Historically, significant differences were observed in Internal Medicine (IM) graduate medical education evaluations and in certifying board examination scores according to gender of the resident physician. Program director ratings and evaluation scores were higher for men than women in areas such as medical knowledge, procedural skills and clinical judgment [1, 2]. Differences were also described according to attending physician gender, with male residents rated higher by male attending physicians in several domains [2]. While some contemporary data suggest that gender gaps in evaluation are narrowing [3,4,5], there continues to be evidence of gender bias [6,7,8,9], which may be a key factor in the disparity in female representation beyond residency, specifically in academic leadership [10, 11] and in the subspecialties of Cardiovascular disease, Critical Care Medicine and Pulmonary disease, and Gastroenterology [12].

Differences between male and female resident performance on the certifying examination in IM of the American Board of Internal Medicine (ABIM) have also narrowed over time. Previously published reports found between 1973 and 1987, men had higher pass rates than women [1, 13]. But over the period between 1989 and 1992 the gender gap in the ABIM initial certifying examination in Internal Medicine performance appeared to close [14]. However, no further studies have investigated whether this finding persisted or has changed over time.

Further investigation of gender based differences in evaluation of resident performance in the modern era is necessary to monitor for trends and evidence of change, as this may elucidate whether differences in resident performance and medical knowledge influence gender discrepancies beyond residency. Also, performance evaluations have evolved to include the core competencies of the Accreditation Council for Graduate Medical Education (ACGME) [15]. These core competency evaluations provide a more comprehensive assessment of the skills necessary for medical practice. Very few large scale, contemporary studies of the effects of resident and faculty gender on resident performance evaluations have been performed in IM. Thus, as a first step in determining the association of gender on performance assessment in internal medicine and its subspecialties, we aimed to describe contemporary gender-differences in evaluation ratings and ABIM certification examination results using local and national data.

Methods

Subjects were 488 Internal Medicine residents and 430 faculty at the University of Texas (UT) Southwestern Medical Center between 2007 and 2012. Included residents were enrolled either in a 1 year Internal Medicine preliminary year program, or a 3 year Internal Medicine categorical residency program. Both categorical and preliminary residents were included so that findings regarding gender could be interpreted broadly across both groups. Internal Medicine faculty included those that supervised residents on inpatient clinical rotations. To maintain confidentiality, residents and faculty were assigned unique identifiers. The study was approved by the UT Southwestern Institutional Review Board.

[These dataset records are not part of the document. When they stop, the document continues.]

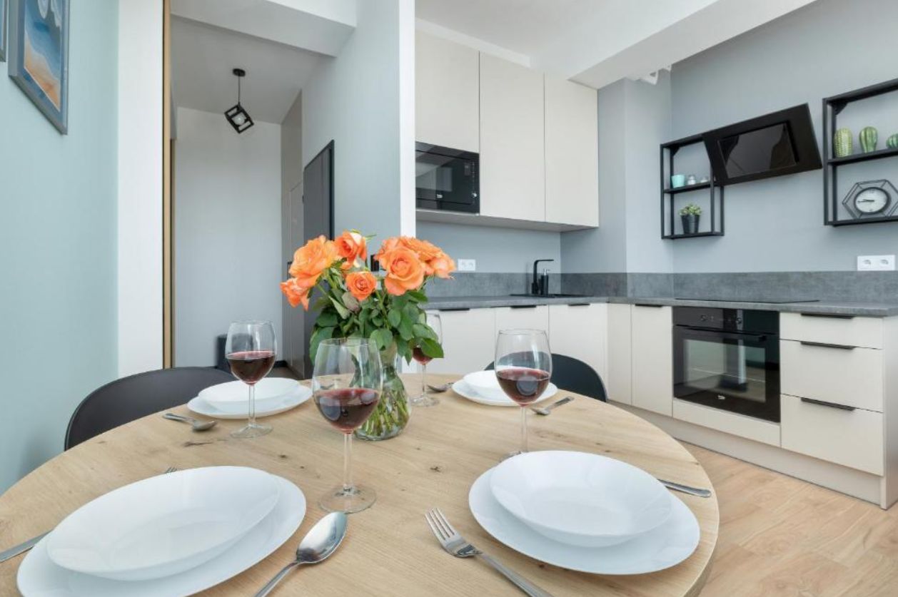 Całkowicie wyposażony aneks kuchenny (piekarnik, mikrofalówka, płyta indukcyjna, ekspres do kawy, czajnik elektryczny, toster, zmywarka) oraz łazienka (pralka, suszarka do włosów, sprzęt do prasowania).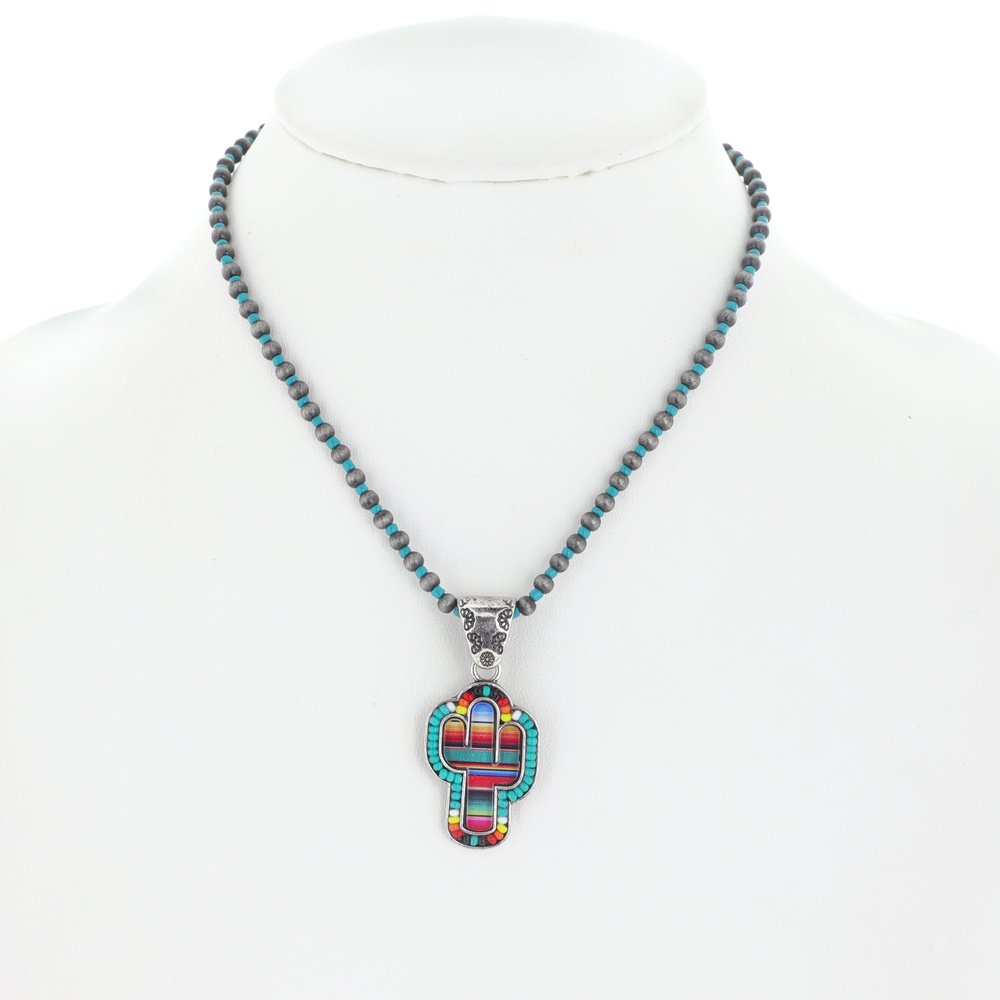Navajo Pearl Serape Seed Bead Cactus Pendant Necklace - Western Native American Ethnic Boho Jewelry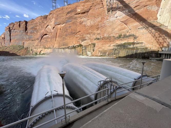 Also amid Powell’s historic drop, onlookers have eyed the position of those bypass tubes that blasted last month’s release, below the powerful turbines. There’s a scenario where those tubes could be primarily relied upon, should Powell’s level continue to fall, to pass water downstream to Lake Mead. But, given the tubes’ lower capacity, that would mean less water traveling through the Grand Canyon.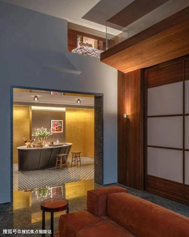 在“木屋”后方,是一个墙面和天花板都覆盖金箔的“水吧”。在这里,我们重新引入了一些当代西方设计语言——大理石地面图案、蛋形吧台和墙面护板细节。这些元素与醒目的红色高光烤漆柜相互平衡。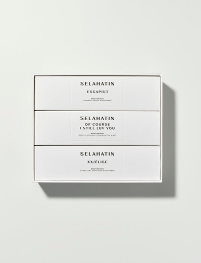 "Selahatins Mediterranean Homesick Blues Set innehåller 3 flaskor med 200 ml av ursprungliga dofter: Escapist, Of Course I Still Luv You & XX/Élise.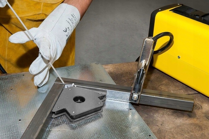 Магнитный уголок изготовлен из стального листа и сильных ферритовых магнитов. Позволяет точно соединять материалы под углами: 45°, 90° и 135°. Грузоподъемность магнита около 23 кг. Поверхность корпуса магнита покрыта порошковой краской. Предназначен для временного соединения металлических элементов при сварке, сверлении, покраске, работах, требующих использования обеих рук. Использование магнитного уголка позволяет свободно работать обеими руками и предварительно собирать соединяемые металлические элементы без помощи дополнительного человека.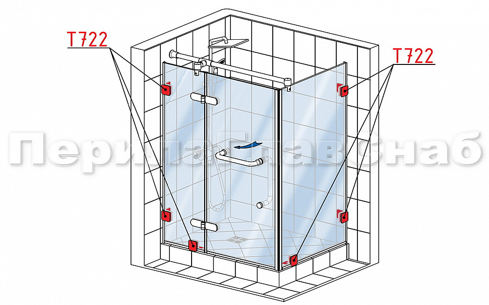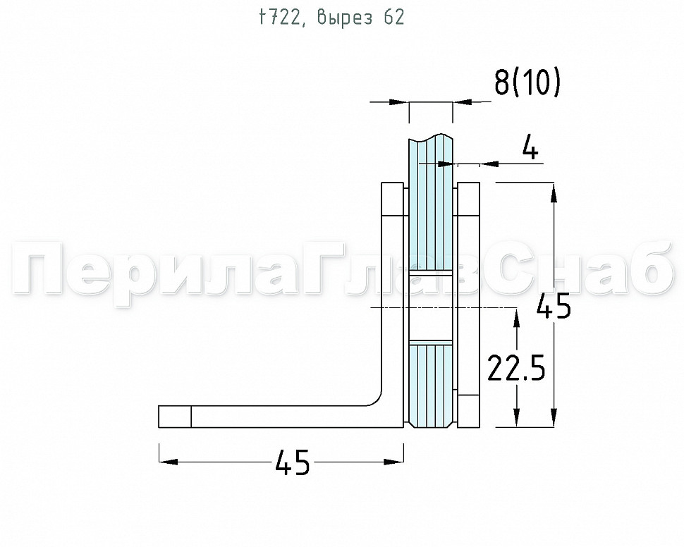 Коннектор для душевой кабины стена-стекло 90° 45х45 мм латунь-хром, полированный t722 PC
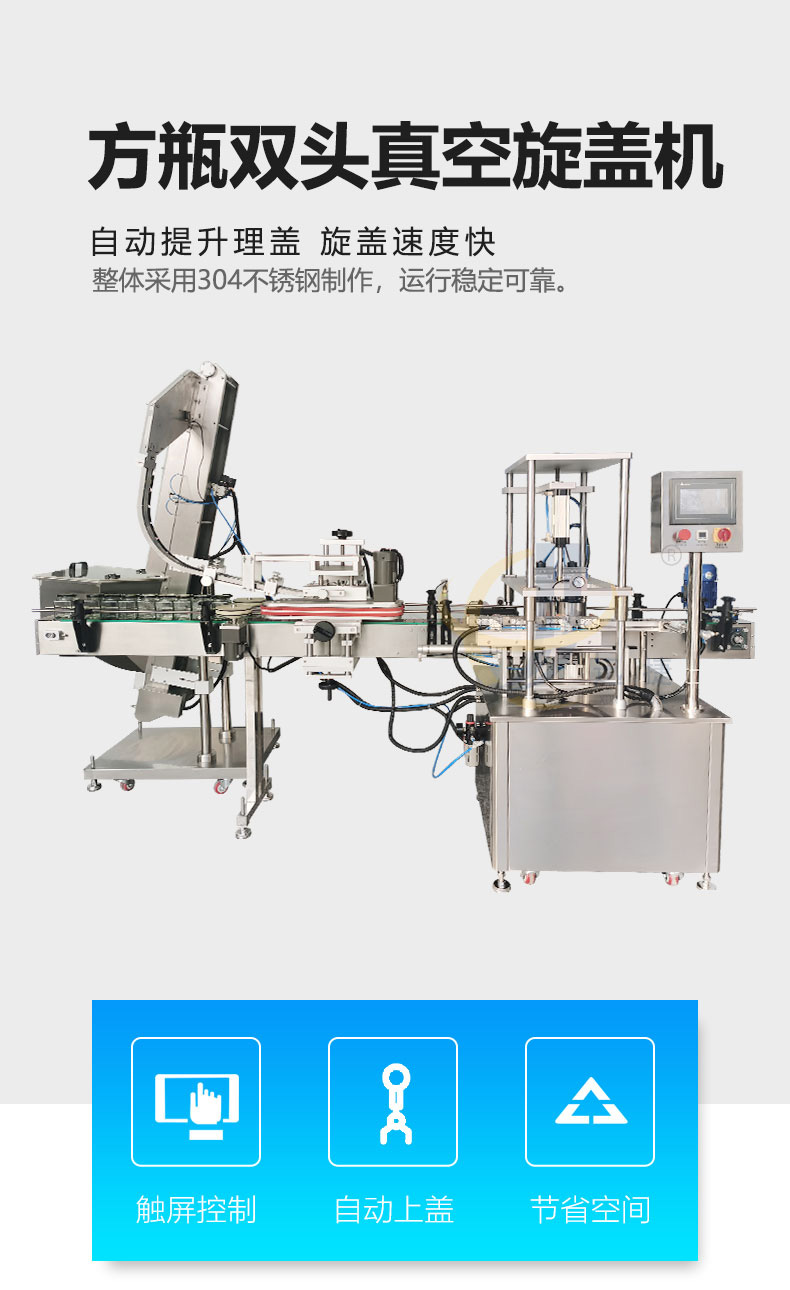 方瓶雙頭真空旋蓋機獨特的設(shè)計,可兼容多種不同形狀,尺寸的瓶子旋蓋,兼容性強,且調(diào)整方便;真空壓力可調(diào),觸摸屏人機界面操作簡單方便。

Faculty evaluations of residents were completed using the online New Innovations Inc. (Uniontown, OH) platform, and maintained in a secure and confidential database. Outpatient, elective and Clinical Evaluation Exercise evaluations were removed due to differences in reporting structure from the standard inpatient evaluation. Inpatient evaluations were also used because they were the majority of the total evaluations per learner. The evaluation consisted of 9 questions from 6 domains, plus an overall rating score. The domains were defined as the ACGME Core Competencies and included Patient Care, Medical Knowledge, Practice Based Learning and Improvement (PBL), Interpersonal and Communication Skills, Professionalism and System Based Practice (SBP) [15] (see Additional file 1). Each domain received a single score except Patient Care, which was categorized into four subdomains, including Overall Patient Care, Medical Interviewing, Physical Examination, and Procedural Skills. Each category was measured via a Likert scale from 1 to 9 with an additional option of “No Interaction.”

First attempt scores from the ABIM initial certifying examination in Internal Medicine were obtained for residents who completed the 3 year IM Residency program. Residents who were enrolled in the 1 year IM preliminary program were excluded from analyses of examination scores.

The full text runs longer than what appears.